At CNBC’s Digital Finance Forum, Galaxy CEO Mike Novogratz said the crypto market’s “era of speculation” may be ending and that returns will look more like those from a long-term holding.
“It’s going to be real world assets with much lower returns,” he said, adding that “retail people don’t get into crypto because they want to make 11 percent annualized,” but because “they want to make 30 to one, eight to one, 10 to one.”
Will Rhind, founder and CEO of GraniteShares, told “ETF Edge” that “it’s tough to be a bitcoin investor right now,” pointing to the performance of other “hard” assets such as gold.
For investors who backed the “digital gold” concept, he said of this period, “this is not supposed to happen” when bitcoin is going down nearly 50 percent and “gold’s not supposed to go to all time highs.”
Away from crypto, risk appetite is returning in emerging markets, with a tilt toward more active ETF strategies.
Bloomberg reports that the Avantis Emerging Markets Equity ETF, the largest actively managed emerging‑markets equity ETF, saw US$429.5m in new cash on a single Friday, its largest daily inflow since 13 May, pushing assets to a record US$20.3bn.

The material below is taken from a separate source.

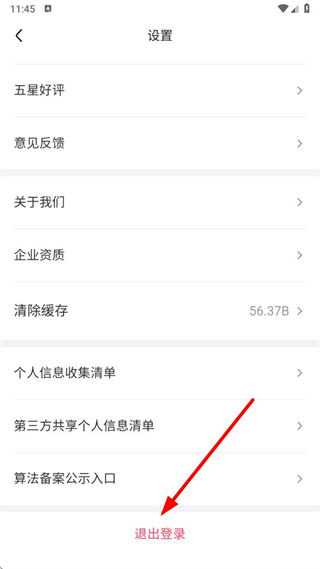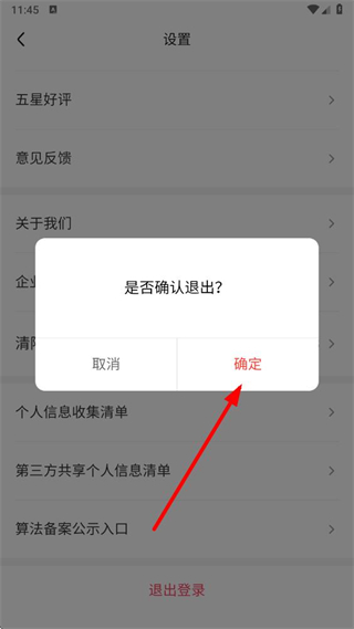 3、在设置页面底部,找到退出登录选项并点击,触发是否确认退出的提示弹窗。

The surge came the same day the Supreme Court struck down President Trump’s sweeping global tariffs.
Trump later announced a new 15 percent across‑the‑board levy “which effectively resets the playing field for America’s trade partners” by removing more punitive tariffs on India, China and Brazil.
“Though it’s probably not the end of the story, the headline is a net positive and markets should respond positively to the removal of policy uncertainty,” said Malcolm Dorson, senior portfolio manager at Global X Management Co.

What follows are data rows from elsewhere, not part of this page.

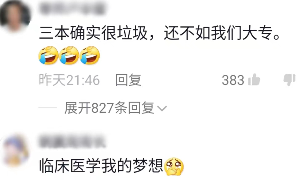 还有人说让三本生去当医生,能力能过关吗?值得信任吗?也有人表示:三本确实很不行,还不如我们大专,总之对三本上的能力充满质疑,除了质疑能力外,还有人在讽刺他的学历。
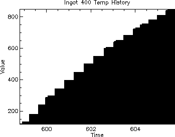 If you look at the output of Model 2 above, you will notice a distinct stairstep pattern in the temperature history of the ingots. You will also notice that it overshoots the maximum temperature as much as 20 degrees. This is due to the nature of the near linear temperature function in conjunction with the default control strategy used by the integration loop. The default control strategy will dynamically adjust the step size while keeping the error estimate within an acceptable limit (by default this is 10-6). Unfortunately, this does work well in this case.
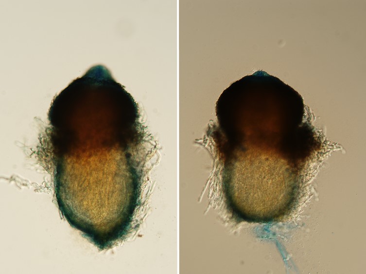 Perithecia crowded, immersed, 200–430 × 100–200 μm, elongate flask-shaped, ostioles slightly projecting, translucent dark-brown.

Bloomberg reports that emerging‑market equity ETFs have attracted more than US$35bn in net inflows this year, with equity benchmarks from Brazil and Colombia to South Korea hovering near all‑time highs.
The roughly US$553bn emerging‑market equity ETF universe is still more than 90 percent passive by assets, but active funds are “gaining momentum,” pulling in nearly 15 percent of year‑to‑date inflows.
“Many investors aren’t happy with the traditional index, which is about 80 percent Asia and over 25 percent China,” Dorson said.
He told Bloomberg that investors are “shying away from the benchmark concentration risks” by moving assets to active managers and creating their own allocations via single‑country ETFs, with growing interest in Latin American markets such as Argentina, Colombia and Brazil.